It astounds me how little senior management gets a basic truth: If clients don’t trust you they will eventually stop doing business with you. It doesn’t matter how smart you are.

These days, the most common question I get from junior analysts about derivatives is, “How much money did we make off the client?” It bothers me every time I hear it, because it is a clear reflection of what they are observing from their leaders about the way they should behave. Now project 10 years into the future: You don’t have to be a rocket scientist to figure out that the junior analyst sitting quietly in the corner of the room hearing about “muppets,” “ripping eyeballs out” and “getting paid” doesn’t exactly turn into a model citizen.

When I was a first-year analyst I didn’t know where the bathroom was, or how to tie my shoelaces. I was taught to be concerned with learning the ropes, finding out what a derivative was, understanding finance, getting to know our clients and what motivated them, learning how they defined success and what we could do to help them get there.

My proudest moments in life — getting a full scholarship to go from South Africa to Stanford University, being selected as a Rhodes Scholar national finalist, winning a bronze medal for table tennis at the Maccabiah Games in Israel, known as the Jewish Olympics — have all come through hard work, with no shortcuts. Goldman Sachs today has become too much about shortcuts and not enough about achievement. It just doesn’t feel right to me anymore.

I hope this can be a wake-up call to the board of directors. Make the client the focal point of your business again. Without clients you will not make money. In fact, you will not exist. Weed out the morally bankrupt people, no matter how much money they make for the firm. And get the culture right again, so people want to work here for the right reasons. People who care only about making money will not sustain this firm — or the trust of its clients — for very much longer.

Greg Smith resigned from the position of   executive director and head of the Goldman Sachs' United States equity derivatives business in Europe, the Middle East and Africa.

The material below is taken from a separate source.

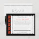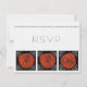 Detta svarskort för bröllop på 4,25"x5,5" har en snygg och modern originaldesign med subtila grå och vita pinstripor och tunna svarta fjäderavdelare som påminner om en arkitektonisk kolonn, krönt med en Rennie MacIntosh-inspirerad kant med röda rosor på svart bakgrund med vit ornamentik i craftsmanstil. All text kan anpassas. #zazzlemade

The NYTimes readers said the following:

GT LaBordeBirmingham, AL
Thank you, Greg for speaking out. I have been a Goldman client since 2006, and have been trying to get my money out for several years now, to no avail. My money was placed in proprietary funds that have under-performed other similar investments and were clearly designed to maximize Goldman's profit at my expense. I am not allowed to get money out of these investments, in some cases for up to 8-10 years, without a significant "haircut" (hmmm, I wonder if Goldman partners profit from the haircut??).

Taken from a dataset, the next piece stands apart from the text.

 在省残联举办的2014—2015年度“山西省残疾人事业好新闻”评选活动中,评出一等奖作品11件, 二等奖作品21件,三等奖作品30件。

In one of these investments (which has lost 35% of its value since 2008), Goldman even refuses to provide basic information, like estimates of income or expenses for tax planning purposes. I literally have to guess the income my K-1 will show when I file my taxes in April, because Goldman won't even give me an estimate (much less quarterly or annual commentary or disclosure by the fund managers). In many years, the fund shows substantial interest income (on which I have to pay taxes), but none of that income is ever distributed to me and the NAV of the fund simultaneously goes down. Where did the income go? When asked, Goldman refuses to provide specifics (even though I am a limited partner of the investment partnership and have a right to this information).

It is amazing how little Goldman cares about its customers. Goldman exists for the sole purpose of enriching its partners.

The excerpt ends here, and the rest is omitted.